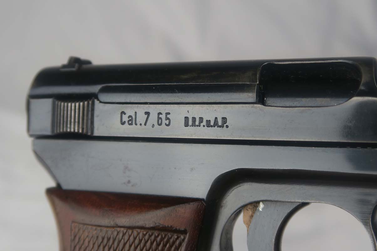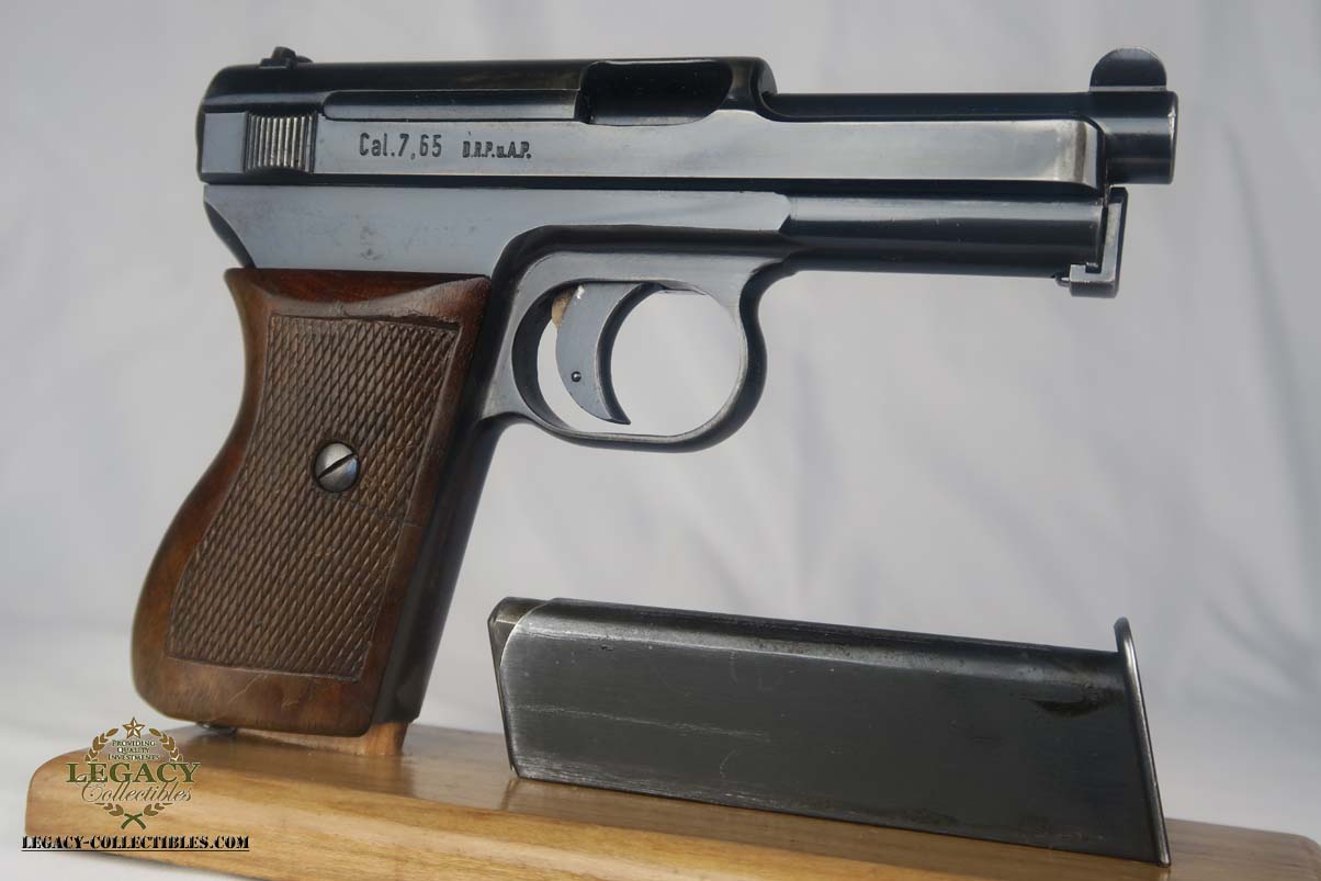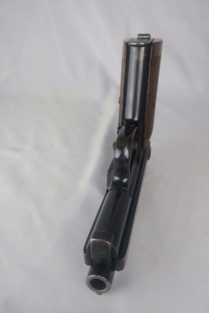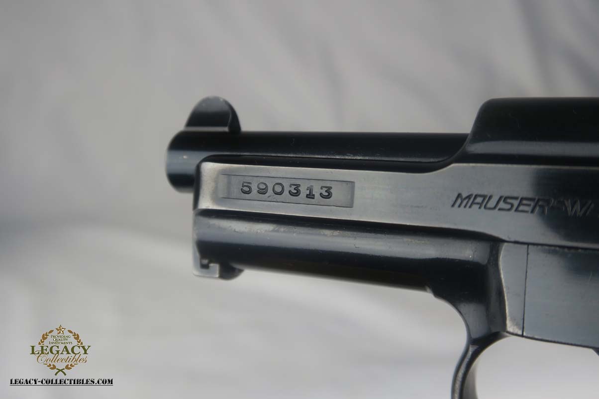 9/5/17 – This is a hard to find Eagle/655 proofed 1934 Mauser from World War II.  There were only 8,000 of these procured for the Germany Army, all between 1940 and 1941. The original finish is about 94-95% with wear on the slide and front strap. It also looks like someone scratched their initials in the right of the frame. All parts are matching and correct. Comes with a nice Mauser banner magazine and correct wood grip.  Excellent bore.
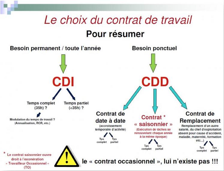 Tout d’abord, choisir entre CDI et CDD selon qu’il s’agit de faire face uniquement à des tâches précises et temporaires, ou au contraire, à un travail qui rentre dans l’activité normale et permanente de l’exploitation. Enfin, votre volume d’activité vous orientera vers un contrat de travail à temps complet ou à temps partiel.
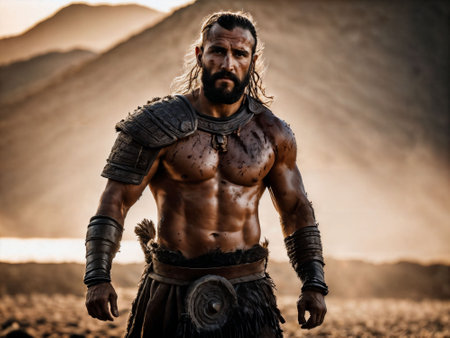 photo of ancient barbarian male warrior stained , generative AI
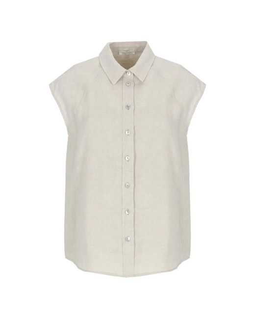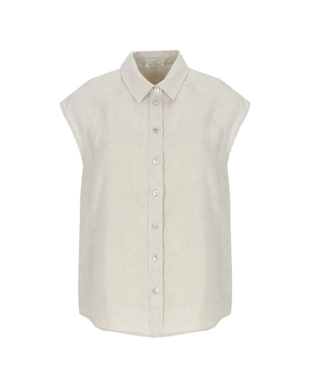 Panicale Linen Shirt is a sleeveless collared linen shirt with front button fastening, designed for warm-weather layering and relaxed ensembles. Key attributes: Beige | Ivory | Linen | Front buttons fastening | Collar | Sleeveless | Dimensions & fit: Model height 179 cm, wearing size 40 Colour: white
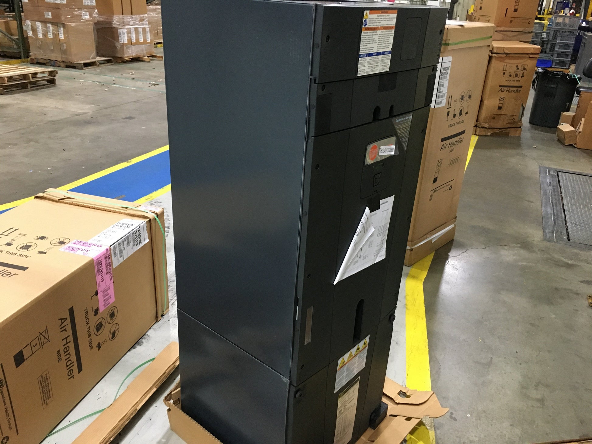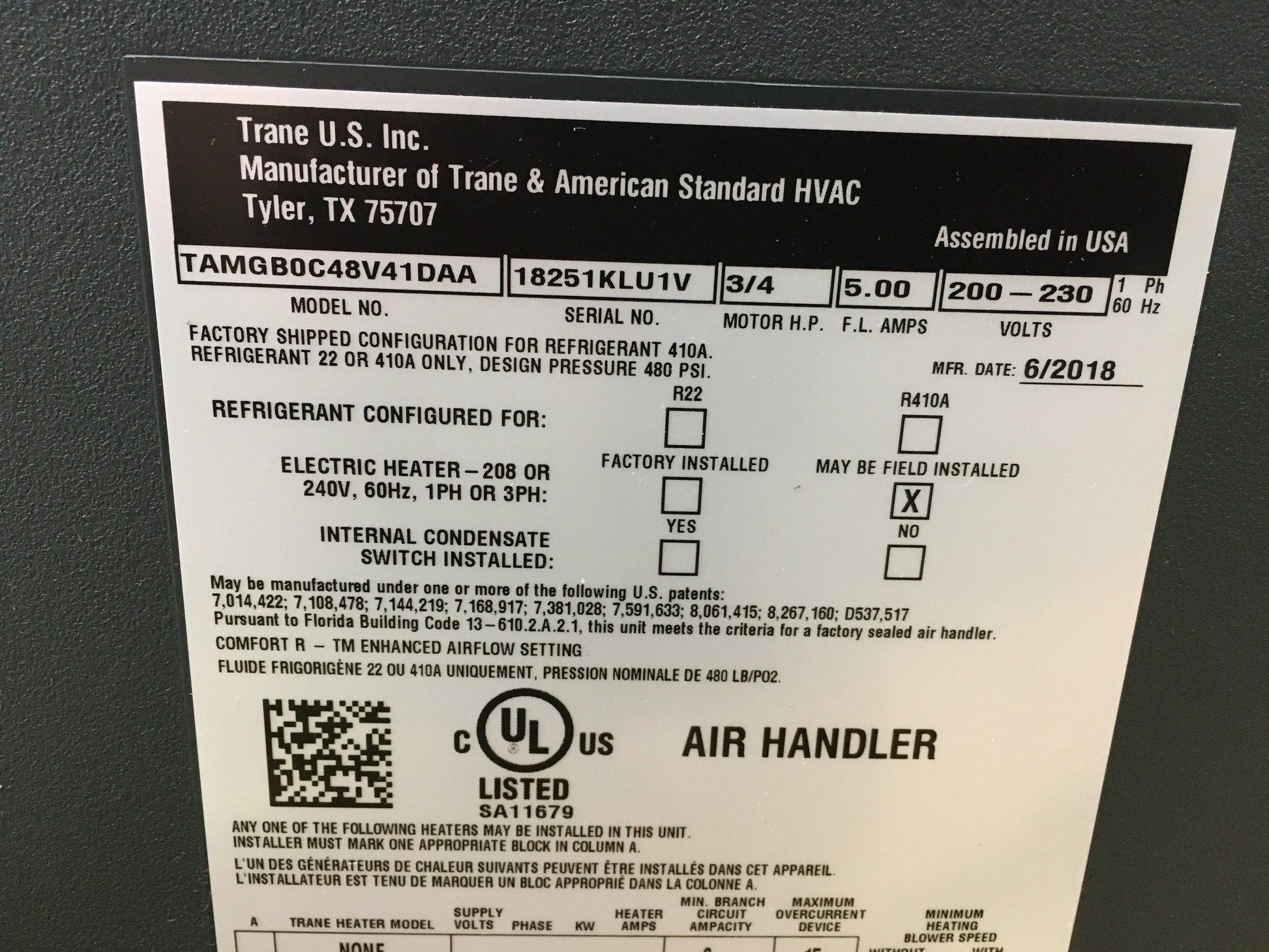 Aire acondicionado/calefacción con ventiloconvector multiposición de 4 toneladas, motor ECM de velocidad variable, voltaje: 208-230, hercios: 60, monofásico, refrigerante: R-410A, dispositivo de medición: EEV, SEER: 20, tipo: fuente de aire, CFM: 600-1800, sin comunicación, dimensiones: 51,5" de alto x 23,5" de ancho x 21" de profundidad. Conexiones: 3/8" x 3/4". Peso: 146 lb. Kits de calefacción compatibles: Bayeaa (no incluidos). Ensamblado en EE. UU.
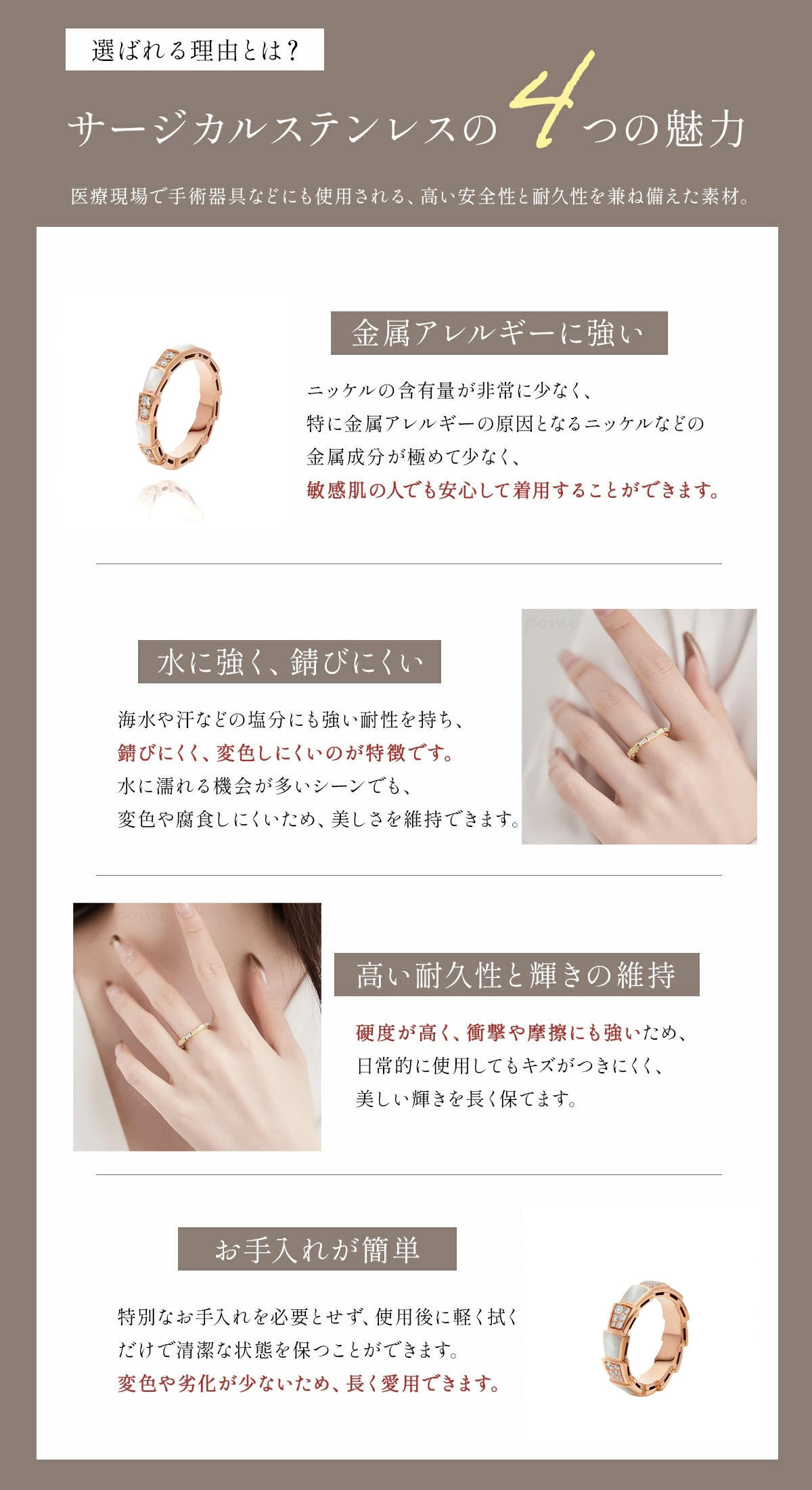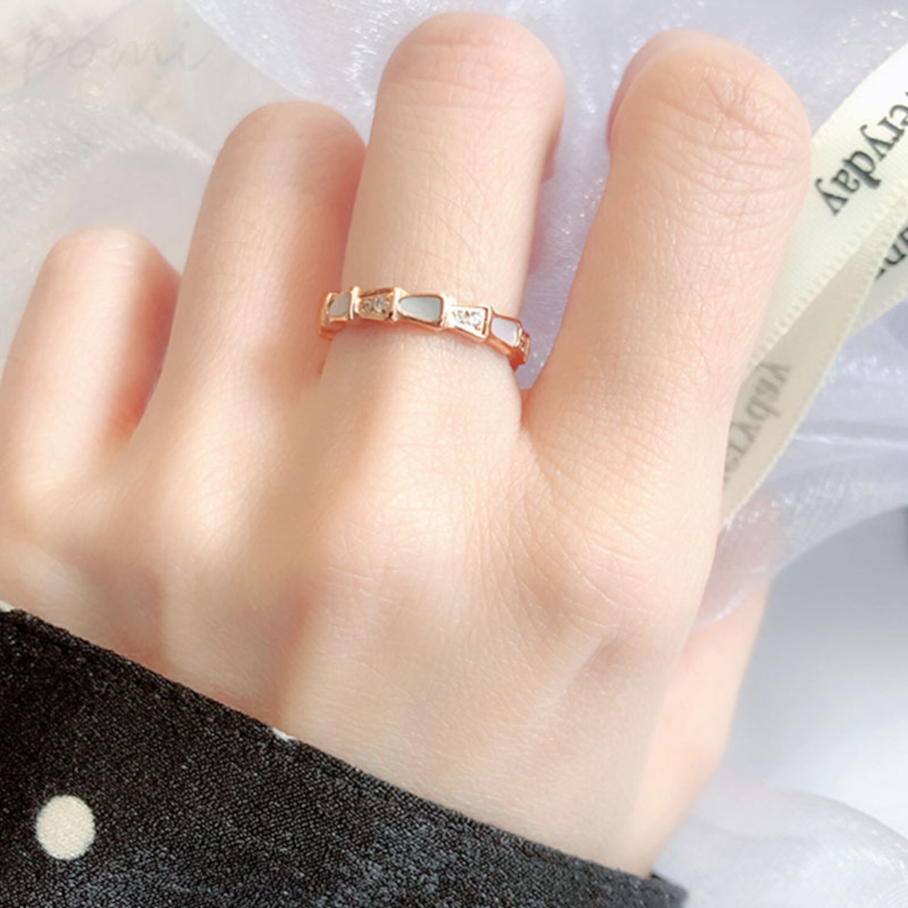 素材選びから製作まで、すべての工程で厳しいチェックを行い、このリングが卓越した品質を持つことを保証します。職人たちは卓越した镶嵌(そうぞう、宝石などを金属に埋め込むこと)技術を駆使して、ホワイトシェルを蛇骨の造形のリング台にしっかりと完璧に镶嵌し、ホワイトシェルと金属を完璧に融合させ、一体感を演出します。金属部分は高品質の合金素材を採用し、多道の工程で磨き上げられ、表面は鏡のように滑らかで、光沢が長持ちします。同時に、合金素材は良好な靭性と耐磨性を持ち、日常の着用でリングが変形したり、損傷したりしにくく、常に新しい状態を保つことができます。

·····

Task to complete – Print the listing word for word, but omit the pictures.

Exercise response –
 9/5/17 – This is a hard to find Eagle/655 proofed 1934 Mauser from World War II.  There were only 8,000 of these procured for the Germany Army, all between 1940 and 1941. The original finish is about 94-95% with wear on the slide and front strap. It also looks like someone scratched their initials in the right of the frame. All parts are matching and correct. Comes with a nice Mauser banner magazine and correct wood grip.  Excellent bore.
 Tout d’abord, choisir entre CDI et CDD selon qu’il s’agit de faire face uniquement à des tâches précises et temporaires, ou au contraire, à un travail qui rentre dans l’activité normale et permanente de l’exploitation. Enfin, votre volume d’activité vous orientera vers un contrat de travail à temps complet ou à temps partiel.
 photo of ancient barbarian male warrior stained , generative AI
 Panicale Linen Shirt is a sleeveless collared linen shirt with front button fastening, designed for warm-weather layering and relaxed ensembles. Key attributes: Beige | Ivory | Linen | Front buttons fastening | Collar | Sleeveless | Dimensions & fit: Model height 179 cm, wearing size 40 Colour: white
 Aire acondicionado/calefacción con ventiloconvector multiposición de 4 toneladas, motor ECM de velocidad variable, voltaje: 208-230, hercios: 60, monofásico, refrigerante: R-410A, dispositivo de medición: EEV, SEER: 20, tipo: fuente de aire, CFM: 600-1800, sin comunicación, dimensiones: 51,5" de alto x 23,5" de ancho x 21" de profundidad. Conexiones: 3/8" x 3/4". Peso: 146 lb. Kits de calefacción compatibles: Bayeaa (no incluidos). Ensamblado en EE. UU.
 素材選びから製作まで、すべての工程で厳しいチェックを行い、このリングが卓越した品質を持つことを保証します。職人たちは卓越した镶嵌(そうぞう、宝石などを金属に埋め込むこと)技術を駆使して、ホワイトシェルを蛇骨の造形のリング台にしっかりと完璧に镶嵌し、ホワイトシェルと金属を完璧に融合させ、一体感を演出します。金属部分は高品質の合金素材を採用し、多道の工程で磨き上げられ、表面は鏡のように滑らかで、光沢が長持ちします。同時に、合金素材は良好な靭性と耐磨性を持ち、日常の着用でリングが変形したり、損傷したりしにくく、常に新しい状態を保つことができます。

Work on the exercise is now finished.